Deployed air refuelers surpass 350 million pounds of fuel delivered in 2011

  • Published
  • By Master Sgt. Scott T. Sturkol
  • Air Mobility Command Public Affairs
In the first four months of 2011, air refueling aircraft supporting the air mission on the U.S. Central Command area of responsibility have off-loaded more than 357 million pounds of fuel to more than 26,500 receiver aircraft.

The 357 million pounds of fuel figure, which is calculated and tracked by the U.S. Air Forces Central's Combined Air Operations Center in Southwest Asia, equates to approximately 52.58 million gallons -- enough fuel to fill an F-16 Fighting Falcon to its capacity with two external tanks more than 29,750 times.

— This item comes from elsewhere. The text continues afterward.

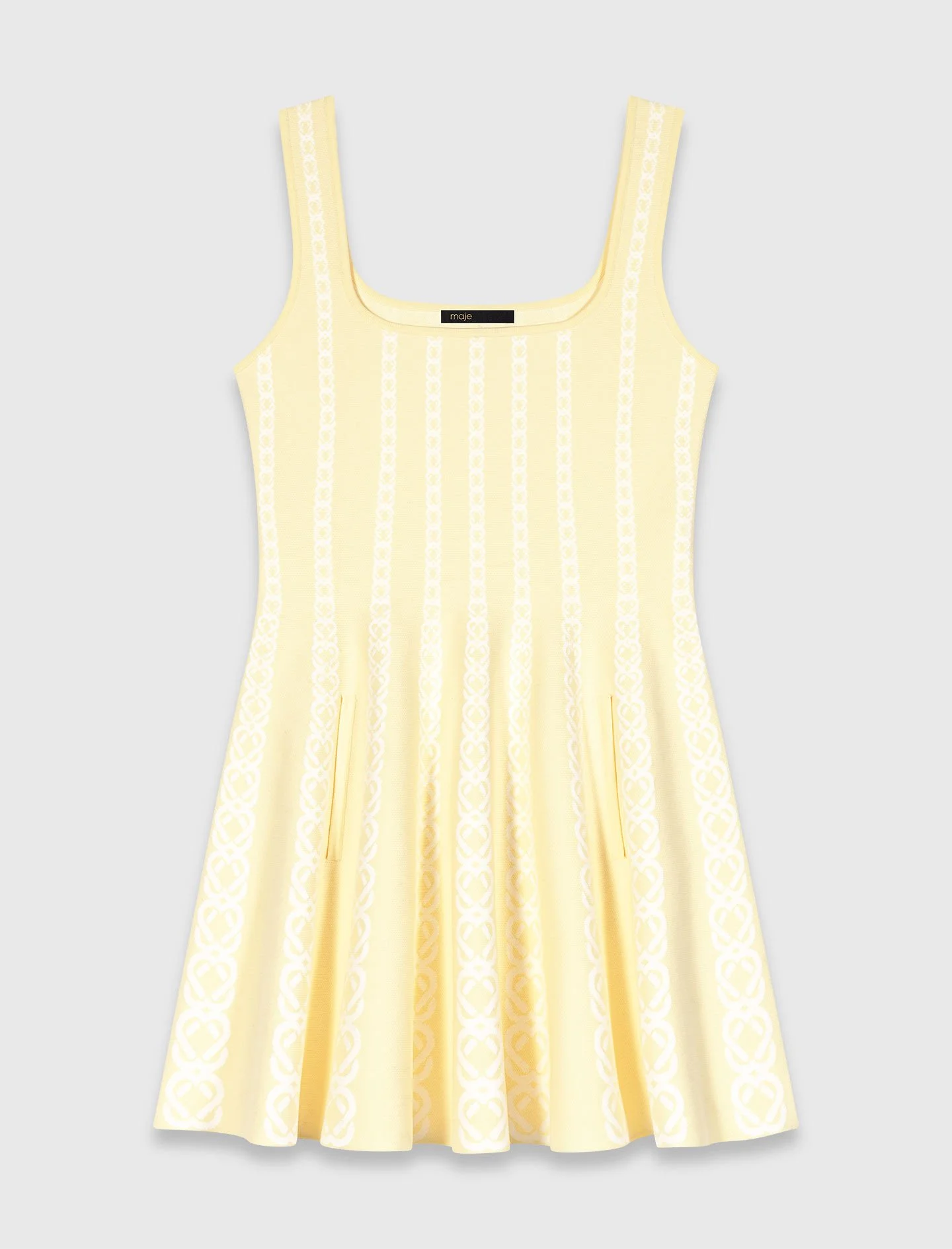 Jacquard knit short dress Embrace urban energy: this dress is a joyful, graphic piece, perfect for bringing elegance and boldness to your everyday life. Its jacquard knit features geometric stripes, while the flared skater cut sculpts the waist and allows for freedom of movement. The square neckline and wide straps add structure, while the discreet pockets add a practical touch. For a statement look, pair it with platform loafers, ribbed socks and the dual-material tote bag. - Short jacquard knit skater dress - Graphic motifs - Square neckline at the front and back - Wide, structuring straps - 2 discreet slit pockets The model is 5' 10 and wears a size FR 36. Reference: MFPRO04568_0259 Composition & care Main material: 83% polyester, 15% polyamide, 2% elastane Rib: 83% polyester, 15% polyamide, 2% elastane Hand wash Do not bleach Do not tumble dry Iron at a maximum temperature of 110°C without steam F - Professional dry clean, with hydrocarbon solvent, normal treatment

Meeting the demand for the air refueling are the KC-135 Stratotanker and KC-10 Extender fleets. Both airframes operate in the U.S. Central Command area of responsibility from non-disclosed bases in Southwest Asia as well as Kyrgyzstan.

KC-135s, and the Airmen who maintain and fly them, operate from multiple locations such as with the 340th Expeditionary Air Refueling Squadron in Southwest Asia and the 376th Air Expeditionary Wing at the Transit Center at Manas, Kyrgyzstan.

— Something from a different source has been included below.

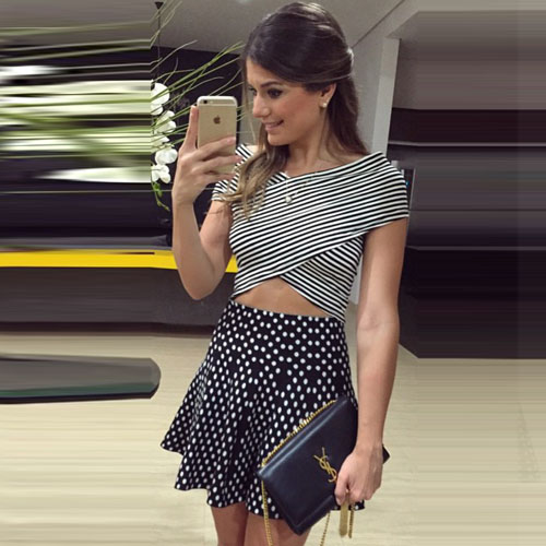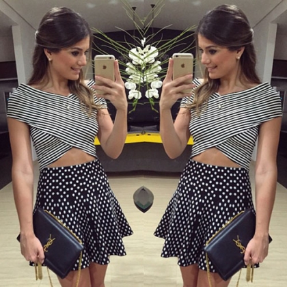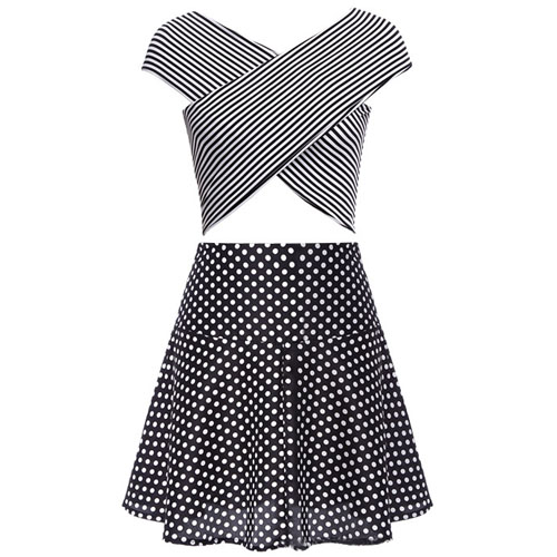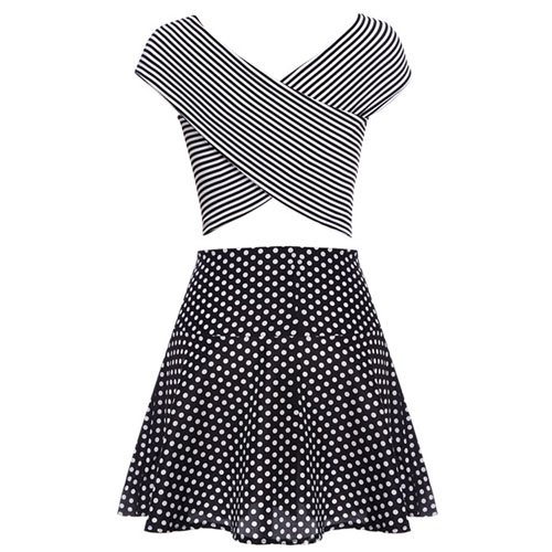 Striped tops,with crossover design,chic and stylish. Skirt with dots pattern,high waist design,

The deployed KC-10 mission, meanwhile, operates with the 380th Air Expeditionary Wing's 908th EARS at another Southwest Asia base.

Wherever they operate from, many tanker Airmen say they are proud to support the deployed air refueling mission, and they know why it's so important to provide global power and global reach.

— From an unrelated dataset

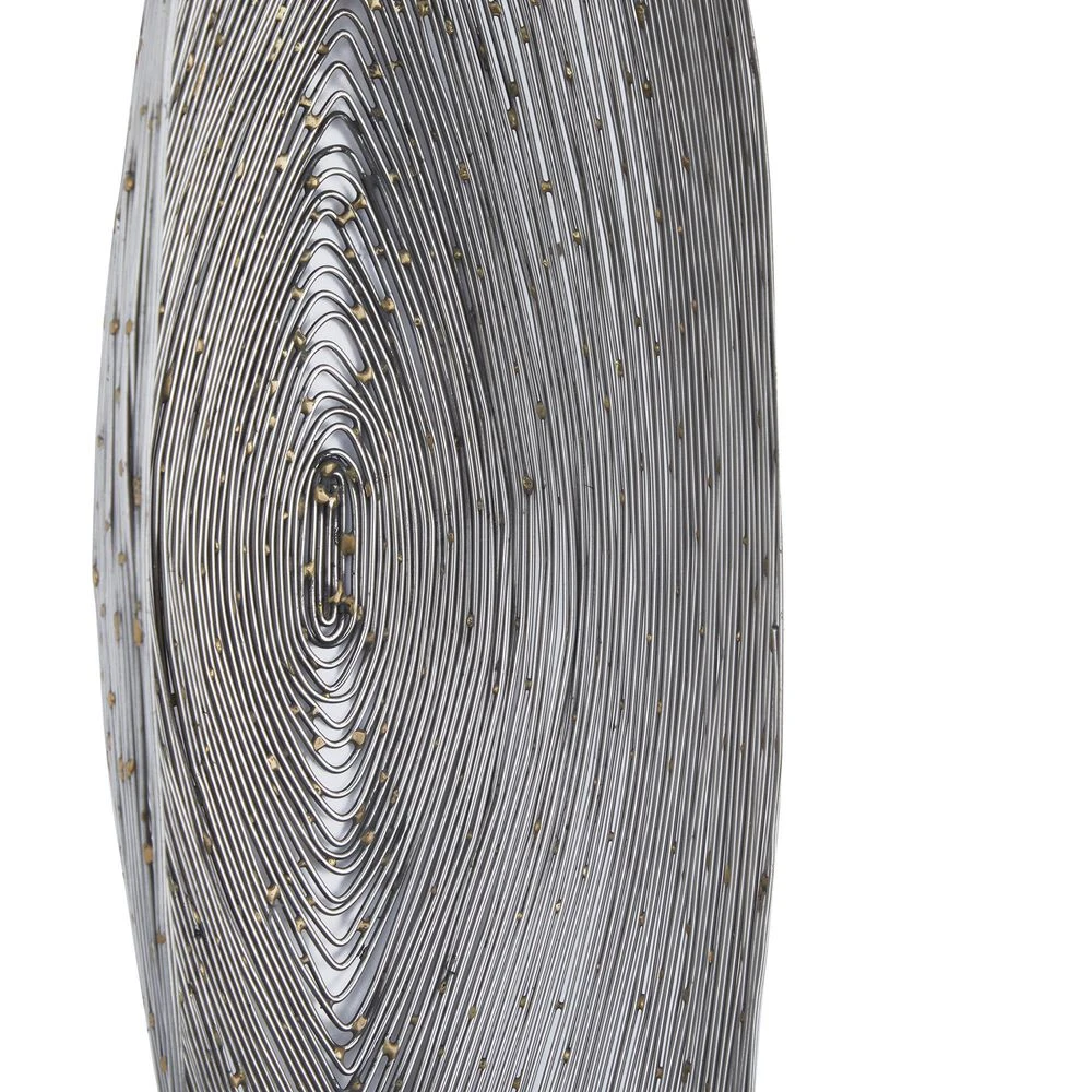 - A contemporary candle holder featuring a diamond-shaped frame in a silver finish designed with oval spiral pattern and small bronze accents connected to a sturdy round metal plate that can accommodate votive or pillar candles

"We often fly long hours and in extreme weather conditions," said Capt. Sean Flynn, an Air Force Reservist and a KC-10 pilot who has deployed to the 908th EARS numerous times from the 514th Air Mobility Wing at Joint Base McGuire-Dix-Lakehurst, N.J. "You really see the big picture while working in the area of responsibility. It takes everyone from the base support staff, to the bus drivers, to the maintainers to help get us to the end result which is a successful mission in which we can deliver well needed gas to help the fight."

In 2010, AFCENT statistics show the tankers off-loaded more than 1.05 billion pounds of fuel to more than 82,600 aircraft. It was the third consecutive year of where deployed tanker forces off-loaded more than 1 billion pounds of fuel for operations - the largest in 2008 with more than 1.1 billion pounds of fuel off-loaded.

Additionally, according to a talking paper from Air Mobility Command Headquarters at Scott AFB from May 13, mobility Airmen supporting the tanker mission have off-loaded more than 13.3 billion pounds, or 1.98 billion gallons, of fuel for operations since Sept. 11, 2001.